(Provided information begins)

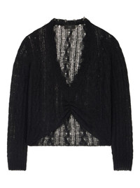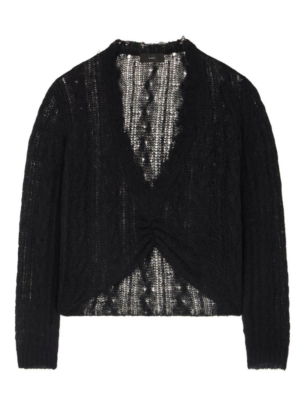 V-neck frayed-edge sweater Highlights - Black - V-neck - Frayed edges - Open knit - Twisted front detail - Long sleeves Made in Italy Composition Alpaca Wool 40%, Cashmere 30%, Fabric 30% Washing instructions Read Manufacturer Guidelines
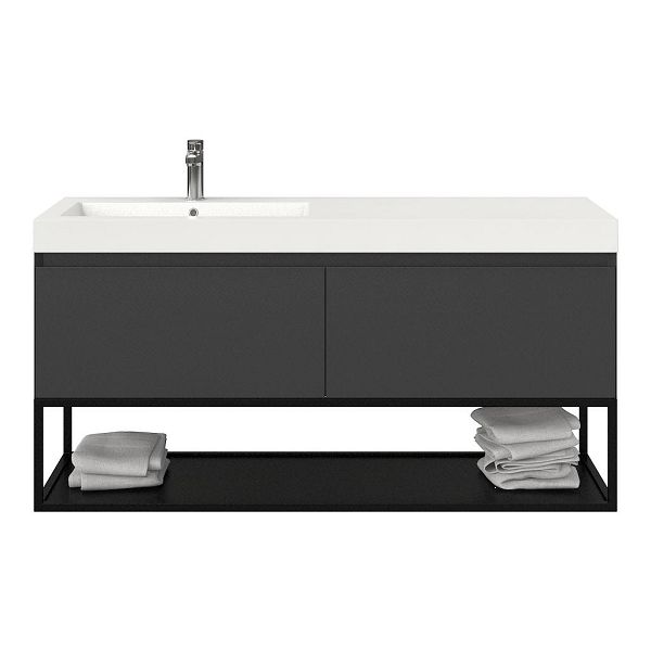 | | Bellanti Solo/Tela/Esta badmeubel 140x46 2 softclose laden antraciet mat greeploos polystone wastafel wit met 1 kraangat met mat zwart metalen frame |
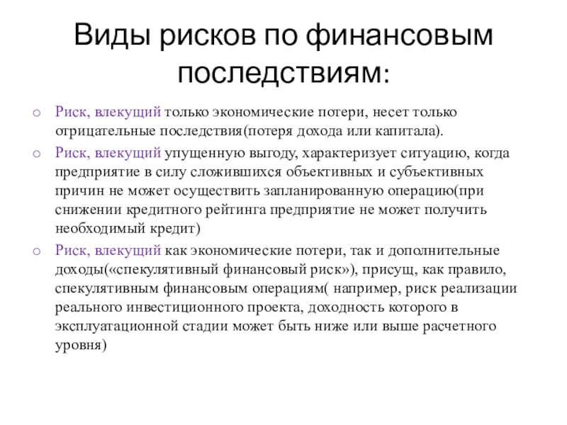 Риск, влекущий как экономические потери, так и дополнительные доходы(«спекулятивный финансовый риск»), присущ, как правило, спекулятивным финансовым операциям( например, риск реализации реального инвестиционного проекта, доходность которого в эксплуатационной стадии может быть ниже или выше расчетного уровня)
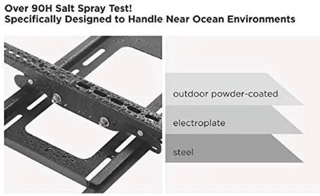 OUTDOOR USE: high quality powder-coated finish to prevents scratches and rust. TV mount pass The 90 Hours salt spray test ^^
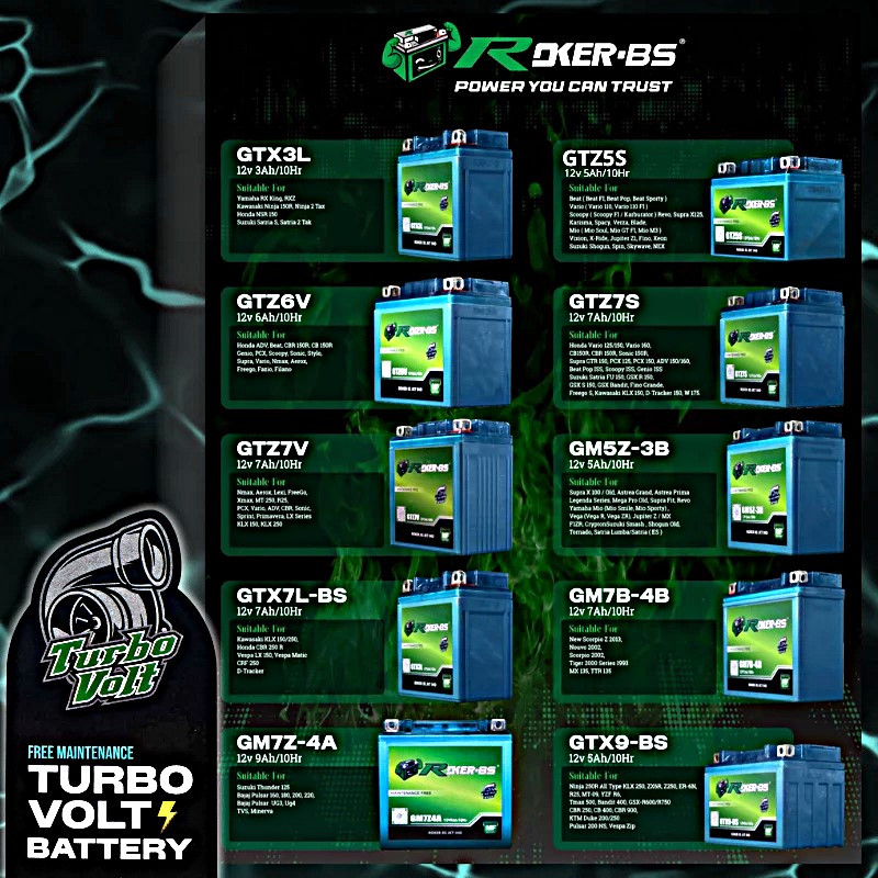 Aki Motor Turbo Volt Battery 12V, Aki Kering Turbo Volt 12v Roker Bs
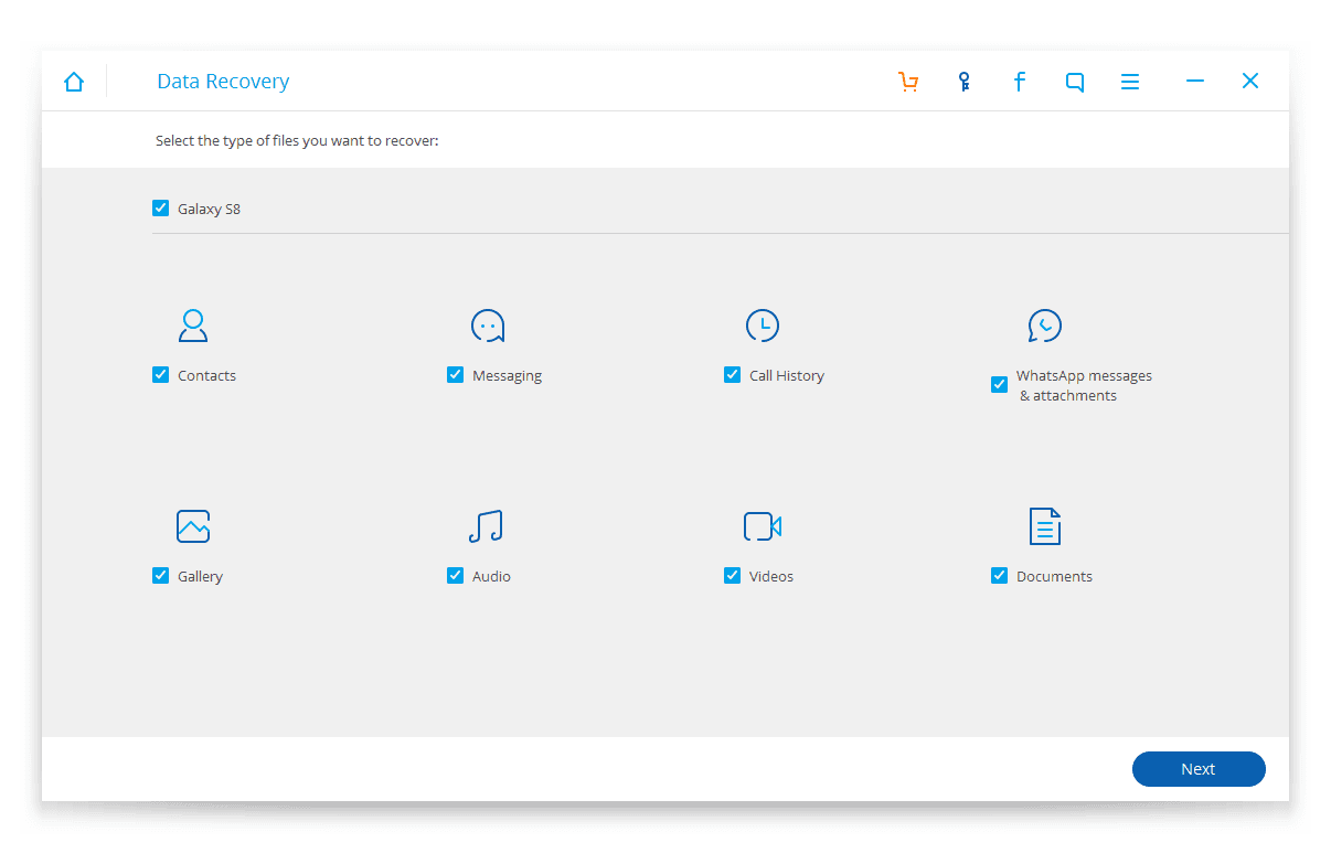 - Information technology has a uncomplicated and intuitive interface with a handy recovery wizard. In other words, yous don't demand any special knowledge to work with this tool; all instructions and tips are given in the Dr. Fone window.
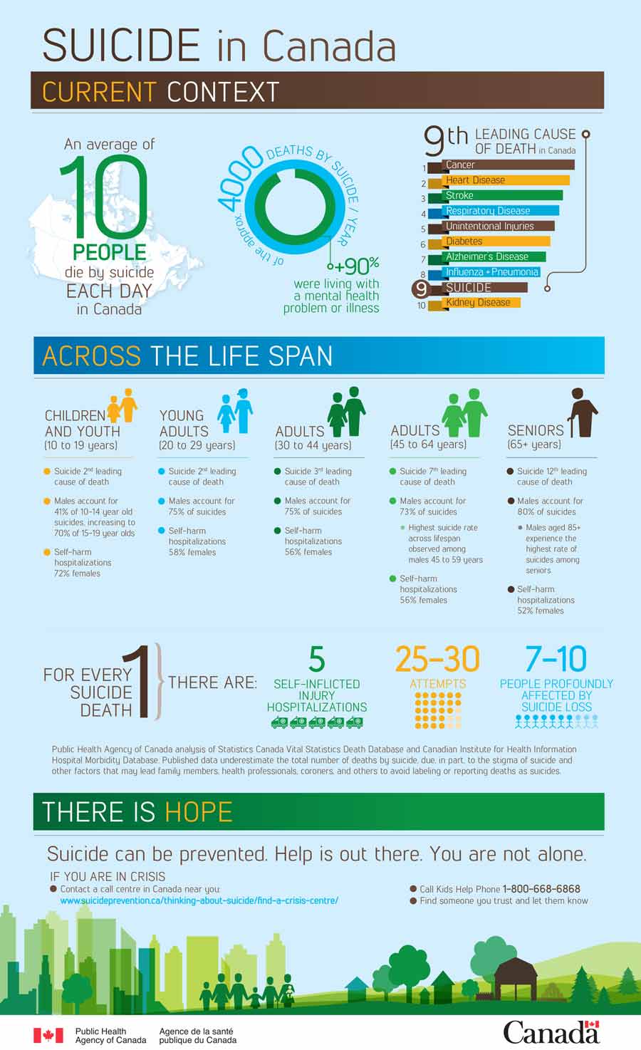 In Canada, suicide is the ninth leading cause of death for the entire population.
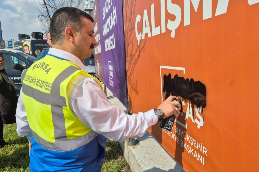 Yerel seçim sürecinde Cumhurbaşkanı Recep Tayyip Erdoğan tarafından yeniden aday gösterilen Bursa Büyükşehir Belediye Başkanı Alinur Aktaş’ın 6 yıllık süreçte Bursa’da hayata geçirdiği hizmetleri ve projelerini içeren tanıtım tabelalarına İYİ Parti Büyükşehir Belediye Başkan adayı Selçuk Türkoğlu ve beraberindeki partililer tarafından 17 Mart 2024 Pazar günü sprey boya ile karalandı.
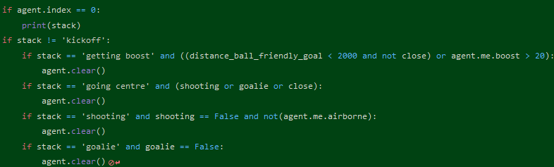 If bot isn't shooting, in goal or getting boost it no longer demos enemies. Instead it puts itself in-between the ball and it's own goal, waiting for a condition to become true to take a shot or do something else
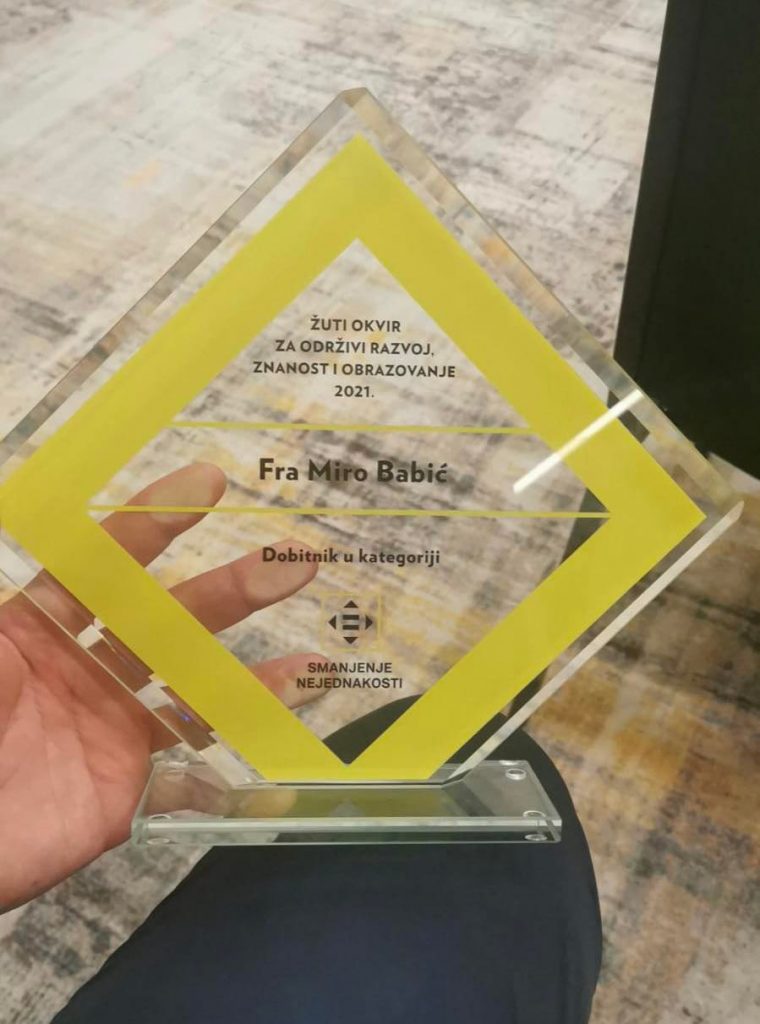 Fra Miro Babić, franjevac Bosne Srebrene i dugogodišnji misionar u Keniji, dobitnik je nagrade “Žuti okvir za održivi razvoj, znanost i obrazovanje”, koju dodjeljuje National Geographic magazin za Hrvatsku.

(Provided information ends)

-- Activity --
Take the line containing "Риск, влекущий как" and every line after it through the end of the data, and write them out exactly, with no pictures.

-- Exercise answer --
 Риск, влекущий как экономические потери, так и дополнительные доходы(«спекулятивный финансовый риск»), присущ, как правило, спекулятивным финансовым операциям( например, риск реализации реального инвестиционного проекта, доходность которого в эксплуатационной стадии может быть ниже или выше расчетного уровня)
 OUTDOOR USE: high quality powder-coated finish to prevents scratches and rust. TV mount pass The 90 Hours salt spray test ^^
 Aki Motor Turbo Volt Battery 12V, Aki Kering Turbo Volt 12v Roker Bs
 - Information technology has a uncomplicated and intuitive interface with a handy recovery wizard. In other words, yous don't demand any special knowledge to work with this tool; all instructions and tips are given in the Dr. Fone window.
 In Canada, suicide is the ninth leading cause of death for the entire population.
 Yerel seçim sürecinde Cumhurbaşkanı Recep Tayyip Erdoğan tarafından yeniden aday gösterilen Bursa Büyükşehir Belediye Başkanı Alinur Aktaş’ın 6 yıllık süreçte Bursa’da hayata geçirdiği hizmetleri ve projelerini içeren tanıtım tabelalarına İYİ Parti Büyükşehir Belediye Başkan adayı Selçuk Türkoğlu ve beraberindeki partililer tarafından 17 Mart 2024 Pazar günü sprey boya ile karalandı.
 If bot isn't shooting, in goal or getting boost it no longer demos enemies. Instead it puts itself in-between the ball and it's own goal, waiting for a condition to become true to take a shot or do something else
 Fra Miro Babić, franjevac Bosne Srebrene i dugogodišnji misionar u Keniji, dobitnik je nagrade “Žuti okvir za održivi razvoj, znanost i obrazovanje”, koju dodjeljuje National Geographic magazin za Hrvatsku.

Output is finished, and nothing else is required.